In consequence of this advice, the Crotonians that heard it were of opinion, that if they conducted themselves moderately in misfortunes, they would preserve their own salvation; but that if they were immoderate in their expenses, they would all of them die prematurely. A certain person also having been made an arbitrator in an affair in which there was no witness, led each of the litigants to a certain monument, and said to one of them, the man who is buried in this monument was transcendently equitable; in consequence of which the other litigant prayed that the dead man might obtain much good; but the former said that the defunct was not at all better for the prayers of his opponent.
Pythagoras, therefore, condemned what the former litigant said, but asserted that he who praised the dead man for his worth, had done that which would be of no small importance in his claim to belief. At another time, in a cause of great moment, he decided that one of the two who had agreed to settle the affair by arbitration, should pay four talents, but that the other should receive two. Afterwards, he condemned the defendant to pay three talents; and thus he appeared to have given a talent to each of them. Two persons also had fraudulently deposited a garment with a woman who belonged to a court of justice, and told her she was not to give it to either of them unless both were present.
Some time after, for the purpose of circumvention, one of them received the common deposit, and said that it was with the consent of the other. But the other, who had not been present [when the garment was returned], acted the part of a sycophant, and related the compact that was made at the beginning, to the magistrates. A certain Pythagorean, however, taking up the affair said, that the woman had acted conformably to the compact, as both parties had been present. Two other persons also appeared to have a strong friendship for each other, but had fallen into a silent suspicion through a flatterer of one of them, who told him that his wife had been corrupted by the other.

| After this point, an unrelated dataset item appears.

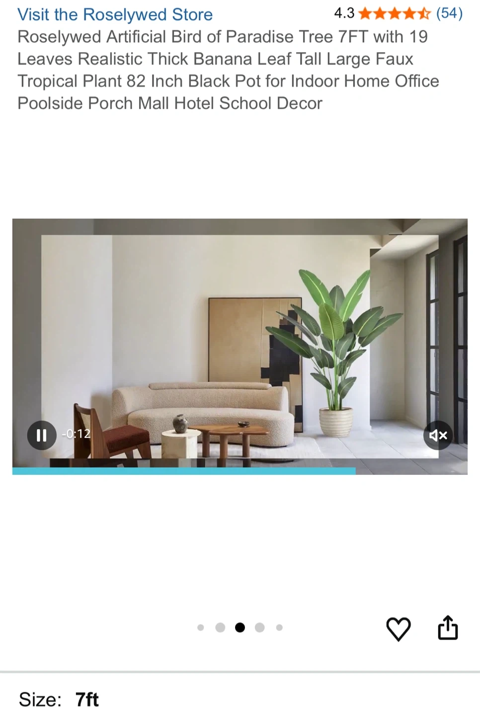Add a touch of the tropics to your home with this Roselywed Artificial Bird of Paradise Tree! It stands at 7ft tall and features realistic, thick banana leaves. It's a great way to add some greenery to your indoor space without the hassle of watering or fertilizing. The leaves are designed to be realistic and the trunks are textured, set in a sturdy black pot.

It so happened however, that a Pythagorean came into a brazier’s shop, where he who conceived himself to be injured, was showing to the artist a sword which he had given him to sharpen, and was indignant with him because it was not sufficiently sharp. The Pythagorean, therefore, suspecting that the sword was intended to be used against him who was accused of adultery, said, This sword is sharper than all things except calumny. This being said, caused the man to consider with himself [what it was he intended to do], and not rashly to sin against his friend who was within, and who had been previously called [by him in order that he might kill him]. A zone also that had golden ornaments having fallen [at the feet] of a certain stranger in the temple of Esculapius, and the laws forbidding any one to take up that which had fallen on the ground, a Pythagorean advised the stranger, who was indignant at this prohibition, to take away the golden ornaments which had not fallen to the ground, but to leave the zone, because this was on the ground.
That circumstance, likewise, which by the ignorant is transferred to other places, is said to have happened in Crotona, viz. that during a public spectacle, some cranes flew over the theatre, and one of those who had sailed into the port, said to the person who sat near him, Do you see the witnesses? which being heard by a certain Pythagorean, he brought them into the court, consisting of a thousand magistrates, where being examined, it was found that they had thrown certain boys into the sea, and that they called the cranes who flew over the ship [at the time,] witnesses of the deed. When likewise certain persons who had recently become disciples of Pythagoras were at variance with each other, he who was the junior of the two came to the other and said to him, that there was no occasion to refer the affair to a third person, but that it rested with them to commit their anger to oblivion.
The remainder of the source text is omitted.